Flowchart of the study on influence of the right ventricular lead location in cardiac resynchronization therapy. CRT-D: Cardiac resynchronization therapy-defibrillator; RVOT: Right ventricular outflow tract; ICD: Implantable cardioverter defibrillator.
These 352 patients were divided into the RVMS group with 155 patients (44.0%) and the RVA group with 197 patients (56.0%). The baseline data including ischemic cardiomyopathy, primary prophylaxis, and distribution of left ventricular leads of patients did not have significant differences between the two groups (P > 0.05) [Table 1].
Table 1.
Baseline characteristics of patients with a CRT-D in the RVA and RVMS groups
| Characteristics | RVMS (n = 155) | RVA (n = 197) | Statistics | P |
|---|---|---|---|---|
| Age (years), mean ± SD | 59.9 ± 13.1 | 61.6 ± 11.8 | −1.29* | 0.20 |
| Female, n (%) | 48 (31.0) | 56 (28.4) | 0.20† | 0.60 |
| Ischemic cardiomyopathy, n (%) | 38 (24.5) | 51 (25.9) | 0.09† | 0.77 |
| Primary prophylaxis, n (%) | 104 (67.1) | 128 (65.0) | 0.17† | 0.68 |
| NYHA class, n (%) | ||||
| II | 12 (7.7) | 21 (10.7) | −0.18‡ | 0.86 |
| III | 101 (65.2) | 116 (58.9) | ||
| IV | 42 (27.1) | 60 (30.5) | ||
| LVEF (%), mean ± SD | 26.0 ± 5.2 | 26.0 ± 5.4 | −0.91* | 0.93 |
| LVEDV (ml), mean ± SD | 280.1 ± 81.1 | 280.2 ± 79.3 | −0.05* | 0.96 |
| LVESV (ml), mean ± SD | 208.1 ± 64.8 | 208.8 ± 65.2 | −0.11* | 0.92 |
| QRS duration (ms), mean ± SD | 159.0 ± 25.2 | 154.3 ± 24.4 | 1.73* | 0.08 |
| LBBB, n (%) | 103 (66.5) | 129 (65.5) | 0.04† | 0.85 |
| Diabetes, n (%) | 32 (20.6) | 52 (26.4) | 1.58† | 0.21 |
| Renal failure, n (%) | 26 (16.8) | 39 (19.8) | 0.53† | 0.47 |
| Hypertension, n (%) | 105 (67.7) | 121 (61.4) | 1.51† | 0.22 |
| β-blockers, n (%) | 135 (87.1) | 176 (89.3) | 0.42† | 0.52 |
| ACEI or ARB, n (%) | 130 (83.9) | 172 (87.3) | 0.84† | 0.36 |
| Aldosterone, n (%) | 107 (69.0) | 134 (68.0) | 0.04† | 0.84 |
| Amiodarone, n (%) | 25 (16.1) | 33 (16.8) | 0.02† | 0.88 |
| LV lead position, n (%) | ||||
| ALCV | 24 (15.5) | 38 (19.3) | 1.32† | 0.52 |
| LCV | 90 (58.1) | 115 (58.4) | ||
| PLCV | 41 (26.5) | 44 (22.3) |
Values are presented as mean ± SD or n (%). *Student’s t-test; †Chi-square test; ‡Wilcoxon Mann-Whitney test. NYHA: New York Heart Association; LVEF: Left ventricular ejection fraction; LVEDV: Left ventricle end-diastolic volume; LVESV: Left ventricle end-systolic volume; LBBB: Left bundle branch block; ACEI: Angiotensin-converting enzyme inhibitor; ARB: Angiotensin receptor blocker; ALCV: Anterolateral cardiac vein; LCV: Lateral cardiac vein; PLCV: Posterolateral cardiac vein; SD: Standard deviation; CRT-D: Cardiac resynchronization therapy-defibrillator; RVA: Right ventricular apical; RVMS: Right ventricular middle septum; LV: Left ventricular.
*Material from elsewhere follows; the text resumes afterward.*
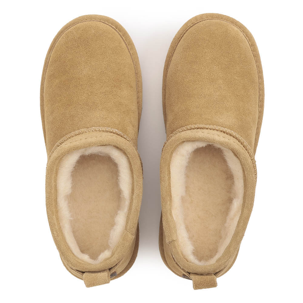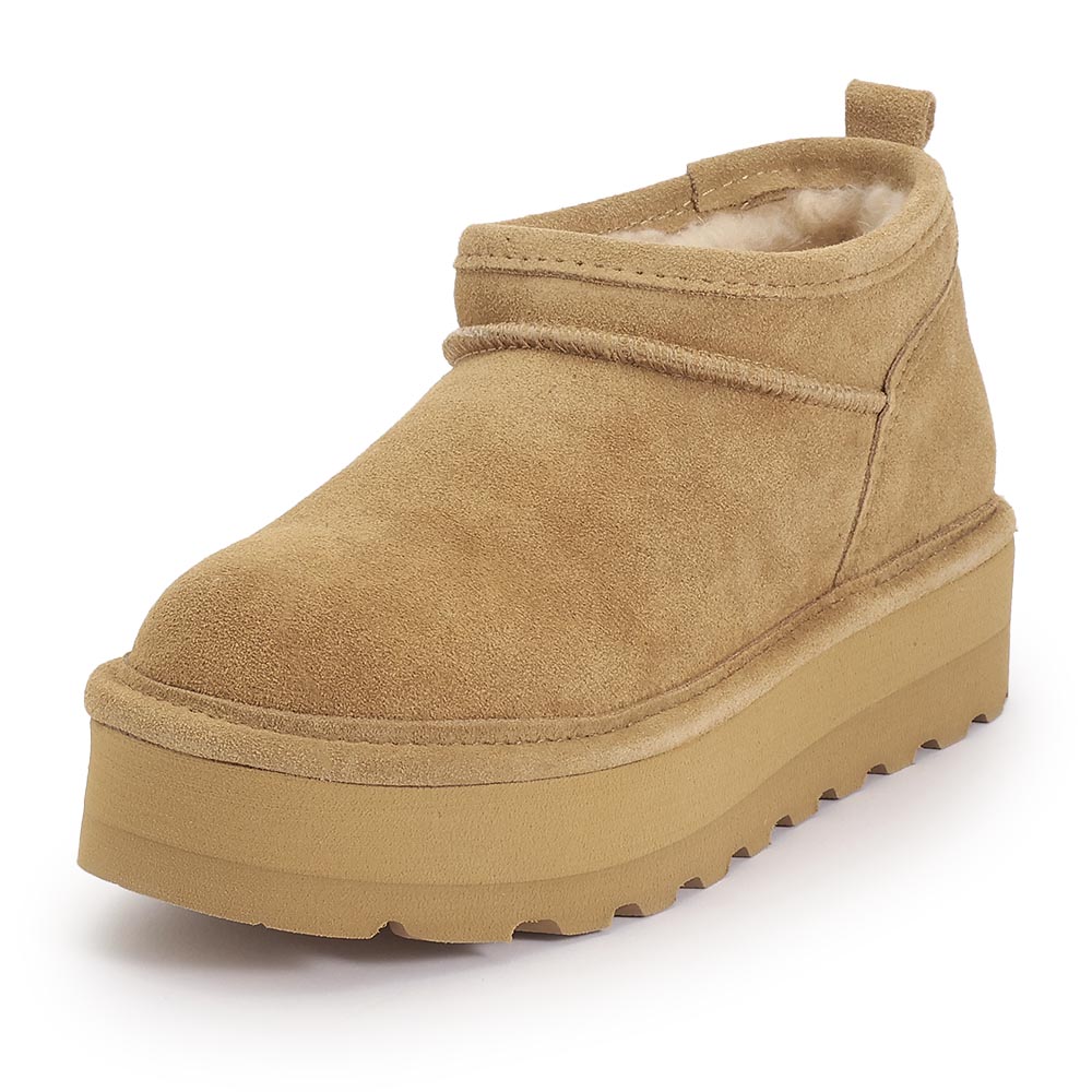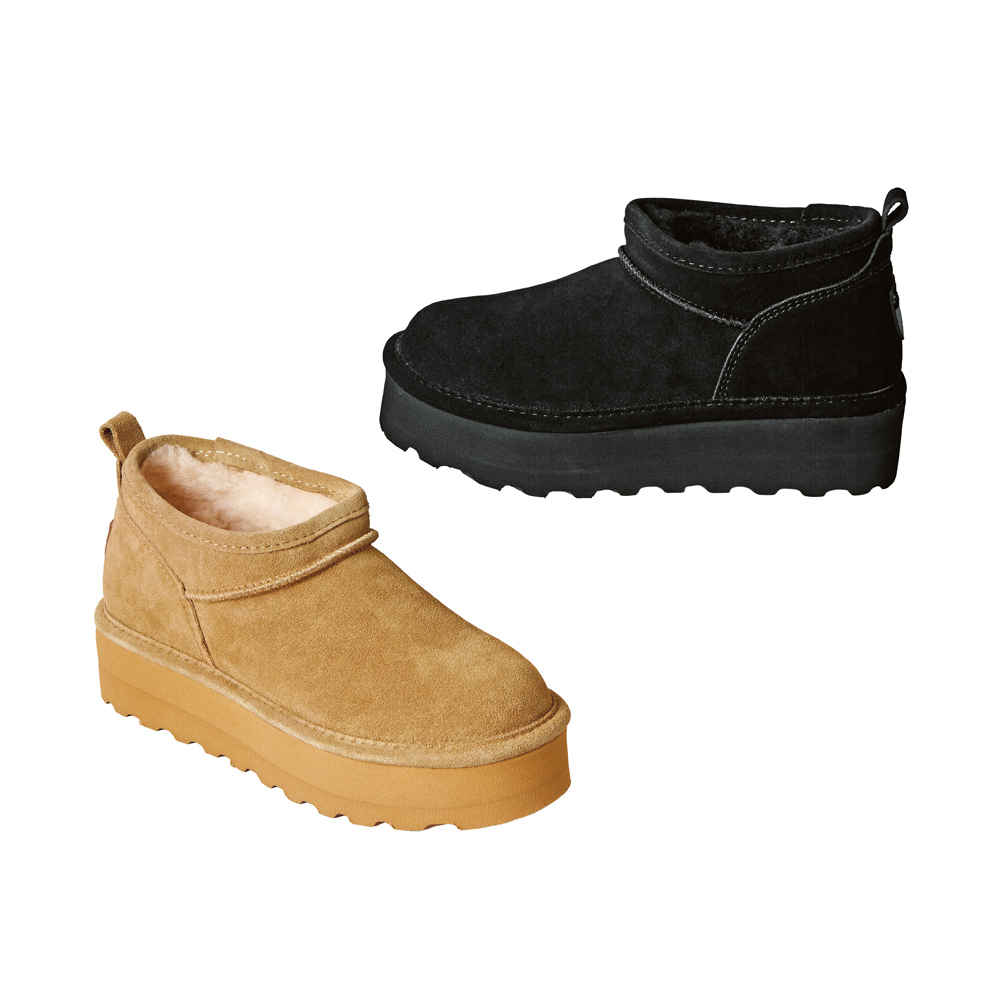 厚底ムートンブーツはトレンドのショート丈でスタイルアップを実現。オリジナルのスプレーコーティング加工をほどこし、はっ水性があるため急な雨や雪でも安心。内側全体はボアが配置されているので防寒に優れ、真冬も活躍。コーディネートに合わせやすいブラックとキャメルをご用意。

Effect of right ventricular lead position on VTA and mortality
Twelve months after implantation, 62.8% of patients had LVEF improvement >10%. The response rates between RVMS group and RVA group were similar (62.6% vs. 62.9%, χ2 = 0.01, P = 0.94). The 2-year VTA-free survival of patients was not significantly different between the two groups, and the mortality between the two groups was similar [Figure 3]. The results of the Cox multivariate analysis suggested that ischemic cardiomyopathy (hazard ratio [HR] = 1.78, 95% confidence interval [CI]:1.25–2.54, P < 0.01), primary prophylaxis (HR = 0.57, 95% CI: 0.41–0.79, P < 0.01), and CRT response (HR = 0.43, 95% CI: 0.31–0.60, P < 0.01) were influencing factors of VTA, whereas the right ventricular lead position did not affect VTA (HR = 0.99, 95% CI: 0.71–1.38, P = 0.94).
Figure 3.
Effect of right ventricular lead position on VTA and mortality in RVMS location (n = 155) and RVA lead location (n = 197). Echocardiography response at 12-month follow-up of in patients with RVMS location vs. RVA lead location, *P > 0.05 (a). Survival free of VTA in the RVMS and RVA after 24-month follow-up, unadjusted P = 0.65 (b). Survival free of death in the RVMS and RVA group after 24-month follow-up, unadjusted P = 0.50 (c). LVEDV: Left ventricle end-diastolic volume; LVESV: Left ventricle end-systolic volume; LVEF: Left ventricular ejection fraction; RVMS: Right ventricular middle septum; RVA: Right ventricular apical; VTA: Ventricular arrhythmias.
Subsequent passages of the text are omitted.